One SQLite file at ~/.claw-memory/memory.db. sqlite-vec stores 384-dim vectors inside it; metadata lives in a parallel table; FTS5 provides a keyword fallback.
Embeddings run locally via Xenova/multilingual-e5-small (multilingual, offline, e5 query:/passage: prefixing). The model loads once per MCP process.
Search is hybrid: cosine KNN (filtered by project + metadata) augmented with FTS5 keyword hits, de-duplicated and distance-sorted.
Daily structured logs are written to ~/.claw-memory/logs/.

Memory viewer

claw-memory ui --open        # http://localhost:4319

If you installed via the Claude Code plugin only (no global npm install), the claw-memory binary isn't on your PATH. Run the viewer through npx instead:

npx @nogataka/claw-memory ui --open       # http://localhost:4319
npx @nogataka/claw-memory ui --port 5000 --open

Read-only. Browse projects, session summaries, conversation chunks (with type / concepts / files), and preferences; toggle 🔎 ログ検索 to full-text search raw Claude Code + Codex transcripts. Live-updates via SSE while open.

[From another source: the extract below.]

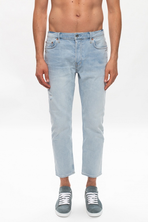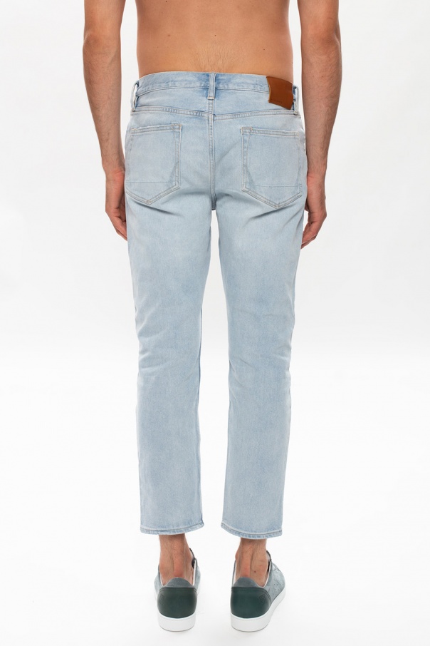 Blue ‘Dean’ jeans from AllSaints. Fastened with buttons, this straight leg design features a brown logo patch and five slip pockets.

Nothing runs in the background otherwise — start it only when you want to inspect.

Uninstall

claw-memory uninstall --codex          # remove config.toml block + hooks + skill + AGENTS note
claw-memory uninstall --claude-code    # remove mcp + hooks from settings.json
# Claude Code plugin: /plugin uninstall claw-memory
npm uninstall -g @nogataka/claw-memory

Your memory database is left untouched; delete ~/.claw-memory to wipe it.

Notes

Storage uses Node's built-in node:sqlite (Node >= 24 required), so Node upgrades can't break a native ABI. The sqlite-vec extension ships prebuilt and is version-independent.
Per-prompt injection was removed in v0.3.0 (context-bloat fix): hooks inject a compact block at SessionStart only; pull details on demand with memory_recall / memory_search or the memory-recall skill.
claw-memory cleanse finds (and with --apply tombstones) legacy chunks polluted by raw JSON payloads.
The MCP server is long-lived per agent session, so the embedding model loads once.
Viewer + MCP can run simultaneously — SQLite WAL handles concurrent read/write.
On install, dependencies resolve with legacy-peer-deps=true (a zod peer-range overlap between bundled SDKs); this is configured in .npmrc and is harmless.